In Paris this weekend I was at such a place with Isabelle and some of her friends. We stayed until closing time at 4:30 AM. After the two-hour period of acceptability had passed and I was tired from jumping around to the music and I stopped and looked around at the people who carried on endlessly in an unvarying rhythmic, jumping, gyrating, and alcohol-induced frenzy, the inevitable “Why?” jumped to my mind and stayed fixed there, completely baffled yet again. The “Why?” is always asked and never really answered.

The most satisfying answer is that these people need some sort of an outlet and that this is what they enjoy. But it isn’t exactly a satisfying answer in the sense of “reassuring.” Is it really a gratifying outlet for them? Being in extremely close proximity to a bunch of strangers (and maybe some friends), getting touched accidentally and intentionally by invisible hands from the anonymous crowd, getting drenched by your sweat and other people’s sweat and your spilled drinks and their spilled drinks, making out with strangers or having making-out strangers bumping into you all the time, yelling at the top of your lungs into people’s ears and not being heard.

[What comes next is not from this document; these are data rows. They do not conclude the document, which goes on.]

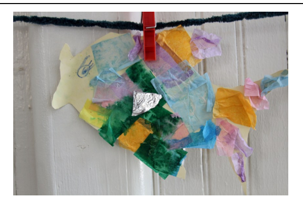
A child's artwork at Doulos Discovery School.

Doulos Discovery School is a private Christian school in the mountain town of Jarabacoa, right in the middle of the country. Private schools are abundant in the Dominican Republic but are costly and therefore only largely available to the wealthy. The public education system is lacking nationwide, which keeps the country's poor trapped in cycle of poverty. Doulos maintains that leaders come from all economic backgrounds. To help bridge the economic gap Doulos provides need-based scholarships to half its students. This creates a unique learning environment where students from varying economic backgrounds work together and gain new perspectives. Dolous' mission statement is to "equip and educate servant leaders through Christian discipleship and expeditionary learning to impact the Dominican Republic."
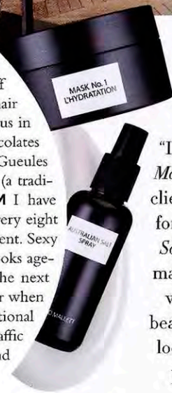
From top: David Mallett Mask No. 1 L'Hydratation, $99, and Australian Salt Spray, $54; Mason Pearson Handy Pure Bristle Bush (medium), $295; Parlux Parloux 3200 Ceramic and Ionic Charcoal hairdryer, $200.

Natalie Portman, who I've worked with for 13 years and
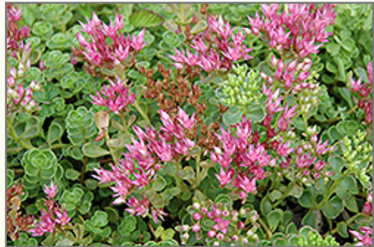
John Creech Sedum flowers

This plant will require occasional maintenance and upkeep, and is best cleaned up in early spring before it resumes active growth for the season. Deer don't particularly care for this plant and will usually leave it alone in favor of tastier treats. Gardeners should be aware of the following characteristic(s) that may warrant special consideration;
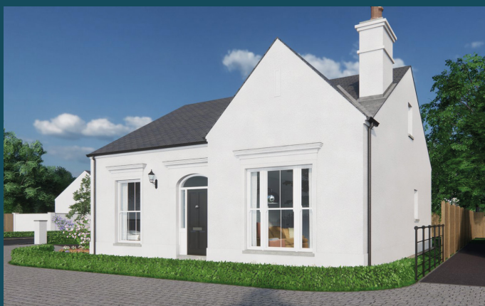
House type 2:
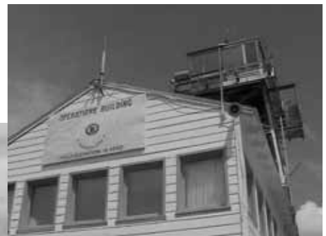
Wendover Field today
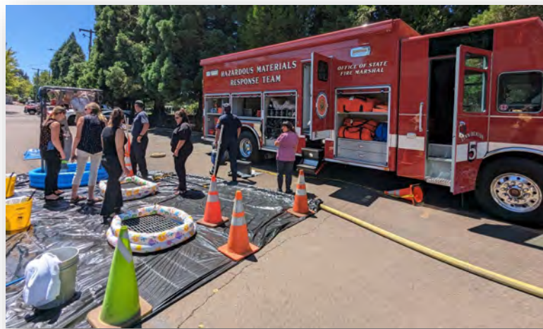
HAZMAT 5 team and Region 2 Healthcare Coalition members.
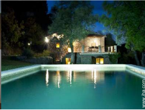
view from the garden/park
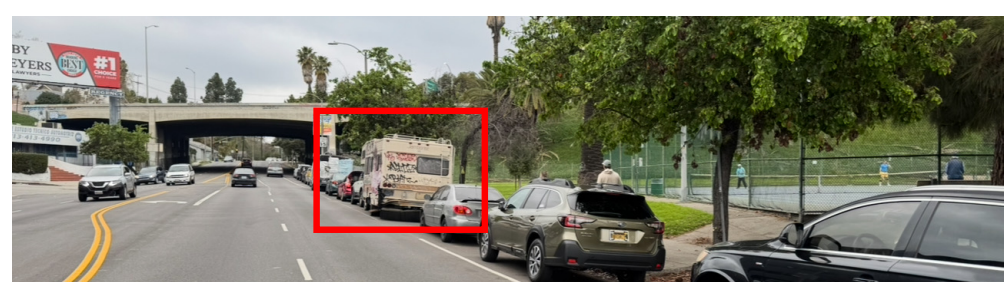
Crowded Glendale Blvd.
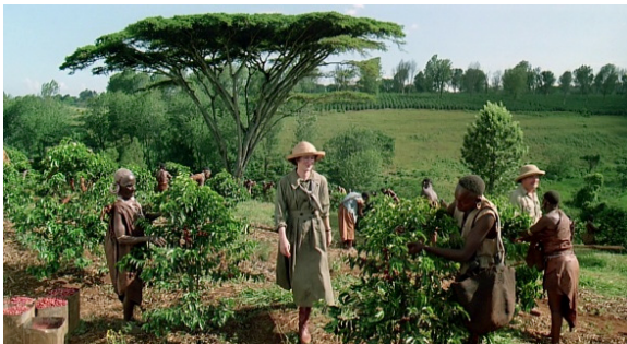
Pic. 1: Karen (Meryl Streep) in Out of Africa (1985)
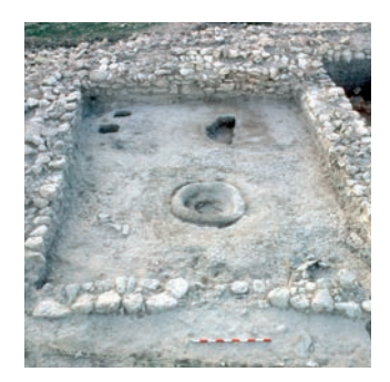
↑ Metalworking workshop.

The plateau is closed forming a space on which is located one of the most outstanding places such as the metalworking workshop with a square floor with a furnace dug in the ground with mud rings and a grave where elements of smelting slag appeared and an area paved with drops of copper mineral. On the highest area appears a building with a square floor, interpreted as a palace-store room or a temple 5.
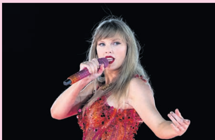
U.S. singer Taylor Swift performs on stage during "The Eras Tour" at the Hard Rock stadium in Miami Gardens, Florida, October 18, 2024.
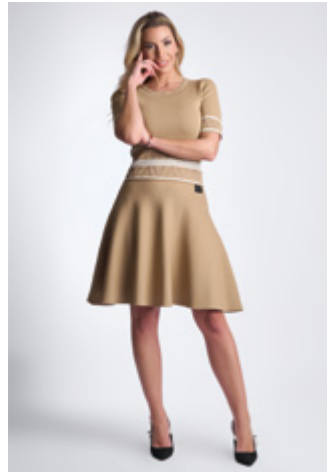
Item no. AVC 0124 - 0127
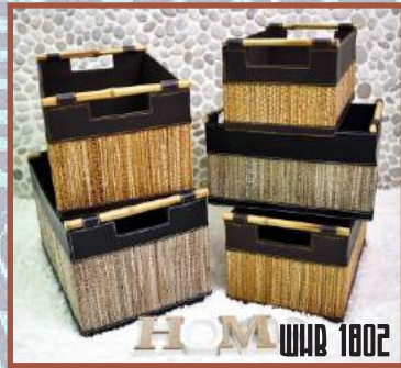
HOME WAB 1802
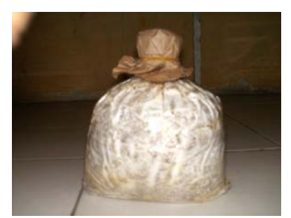
D. After 22 days of inoculation

Plate 1. Mycelium running stages of oyster mushroom in spawn packet after inoculation
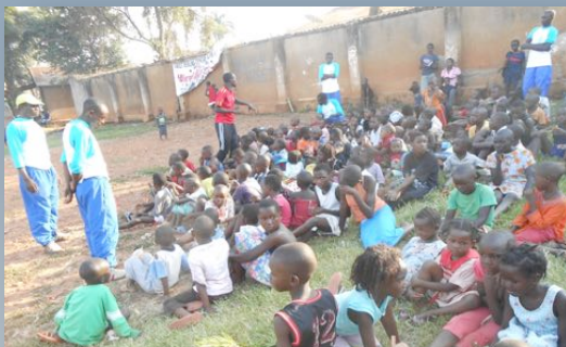
Organizing games for children at Kawempe slum; GSSM students standing by ready to help.
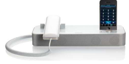
Smart Office Phone by invoxia: Smart IP desktop and conference phone.
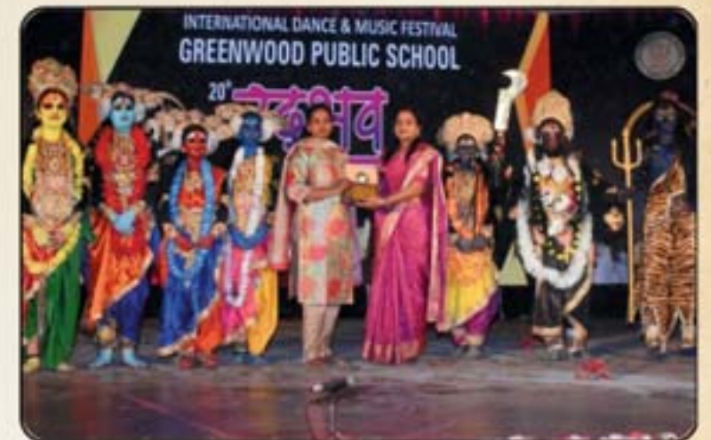
Kalarpan Dance Academy-Indore (MP)
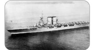
Min Depth 21m/69ft Max Depth 51m/167ft Length 268m/879ft

USS Saratoga now rests 50m/167ft below the water in the lagoon at Bikini. The bridge is accessible at 12m/40ft with the deck at 25m/82ft. The bombs and Helldivers are all on display with their controls and dials.
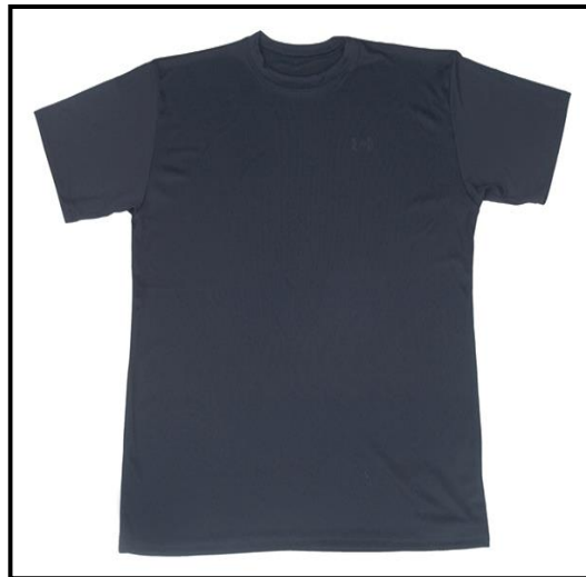
Picture 6-59 Blue Undergarment Shirt
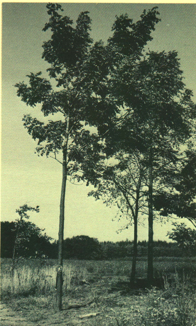
Figure 8—Young black walnut pruned to a height of approximately 17 feet. Research has shown that pruning the bole up to 50 percent of its total height will greatly increase quality without affecting rate of growth.

The maximum number of crop trees to select per acre varies for each species, depending on size, soil conditions and the market for wood products obtained in thinning and improvement cutting operations. Fewer crop trees should be selected in a stand with an average diameter of 12 inches than in a stand with an average diameter of six inches. Likewise, more trees can be left per acre when the forest stand is growing on well drained, productive soils than when growing on poorly drained, infertile soils. If a market is available for products removed in thinning and improvement cutting operations, extra crop trees may be retained when initial selections are made. In subsequent years, these can be removed in successive pre-harvest cuts to the number of crop trees which will be carried to maturity. In such cuts, the choicest, best-formed trees are usually left for a final crop tree harvest for veneer or high grade sawlogs.
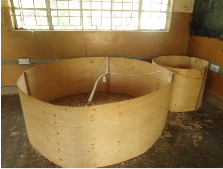
Chicken brooders at Nyanginja primary school. The school keeps over 100 free range chickens and sells to the community.
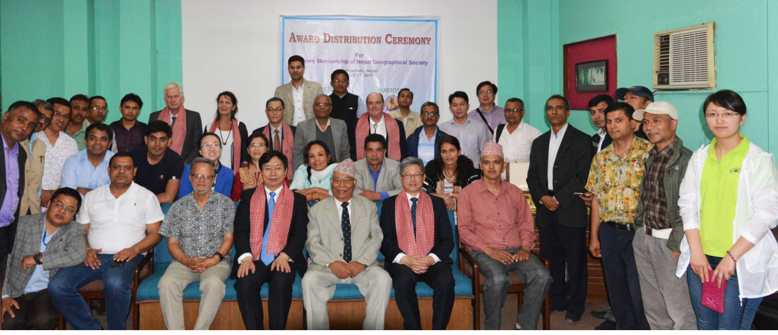
Group Photo of Award Ceremony
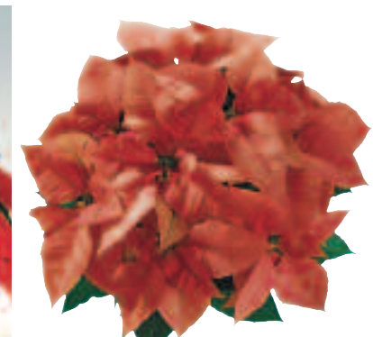
'Christmas Dream Pink'
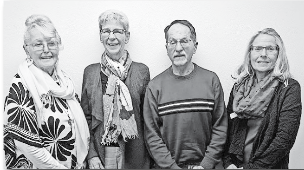
Pictured above (two photos) are the new volunteers for CASA of Gila County.
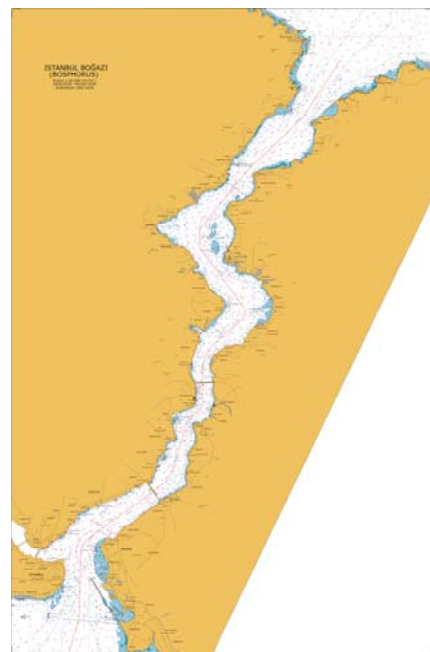
Figure 1: The Strait of Istanbul

In order to control and mitigate maritime accident risks and improve the safety of navigation in the described dire environment, The Bureau of Turkish Strait's Maritime Traffic Services (BMTS) has set up a sophisticated Vessel Traffic Control & Monitoring System (VTS) (covering not only the Channel, but also 20 miles into the Black Sea and the Sea of Marmara) and has established and effected a set of stringent Maritime Traffic Rules and Regulations (which will be denoted by R&R). The vessels arriving at the northern and southern entrances of the Strait of Istanbul enter and then navigate through the Channel according to the directions of the BMTS, which are based on the VTS inputs and the R&R.
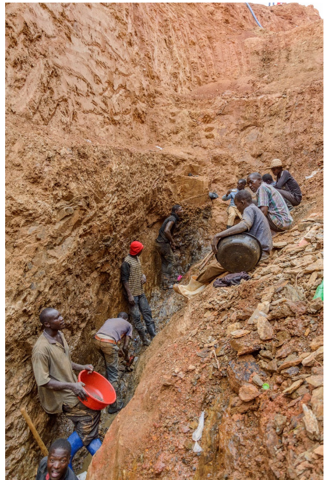
Project to combat child labour in gold mining, Busia, Uganda.

the EITI and the VPI, and to take an active role in these initiatives. Through the agreement, companies have raised the quality of their due diligence and the parties have initiated a joint project aimed at combating child labour in Busia, Uganda.
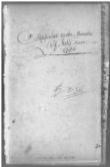
Index to Engrossed minutes of the Supreme Court of Judicature, July 1786 (NYSA_JN531-17_R006_1786-
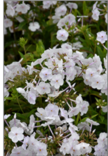
Fashionably Early Crystal Garden Phlox flowers
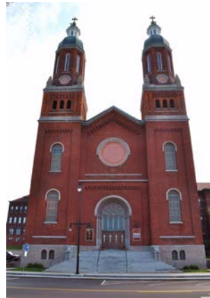
St. George's Episcopal Church, Newburgh
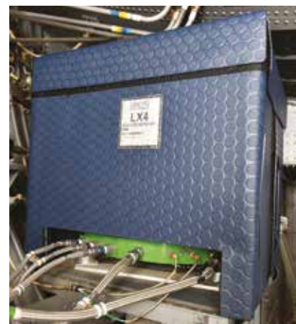
Easy to apply LOX Armor solutions
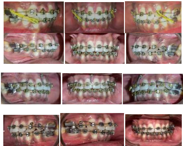
Figure 2- Mid treatment records.

arches by replacing the 0.017"X 0.025" SS wire along with uprighting spring to upright the rotated teeth (Figure 2). Complete occlusion settling could not be done as the patient wanted to have his brackets removed since he was relocating regarding his job. Hence an early debonding was done. Additionally, this patient had come to us with an excessive proclination which was corrected by extraction of first premolars followed by maximum retraction. On complete retraction we weren't left with more space to achieve the ideal proclination of upper incisor but we still managed to improve and achieve a good soft tissue profile. The patient was also very much satisfied with his treatment.
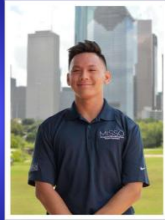
Technology: Deyja Vu
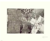
Untitled, 1997 Intaglio in one color 20 x 25 3/4 inches (50.8 x 65.4 cm) JOHN-0008
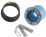
RS W Ex kit

For detailed information, please visit roxtec.com .
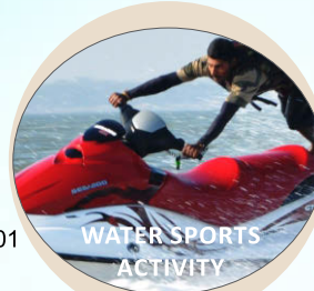
WATER SPORTS ACTIVITY
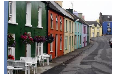
West Cork Houses

Gratifying, or not? A product of idleness, or not? Well, at least it doesn’t seem like a place where you can lie. Of course, lying isn’t possible when truth doesn’t exist–when conventional standards of conduct are forgotten or unanimously ignored. Perhaps not an immoral place, just an amoral place. Where people can’t lie to each other, because words can’t be exchanged. Where they just bump into each other, cast seductive glances at strangers, lose their voices and their sanity, jump around, and sweat.

When all you want to do is leave, but you have to wait for the people whose apartment you will be staying at to want to leave (because you don’t know where it is and you wouldn’t be able to get in even if you did) all of this palpitating nonsense changes from perplexing and distantly fascinating to infuriating and disheartening.

4 thoughts on “Parisian Night Club

  1. Patrick says:

    Don’t be idle. Go buy a shotgun and hunt pheasants. Hunting is the perfect combination of physical exertion and analytical thinking.

  2. Rick James says:

    JImmy is the greatest!!! AWE YEAH!!!!!!!!!

  3. Dan says:

    Jimmy Nelson, tired of dancing, what is france doing to you?

  4. Cody says:

    Excellent writing!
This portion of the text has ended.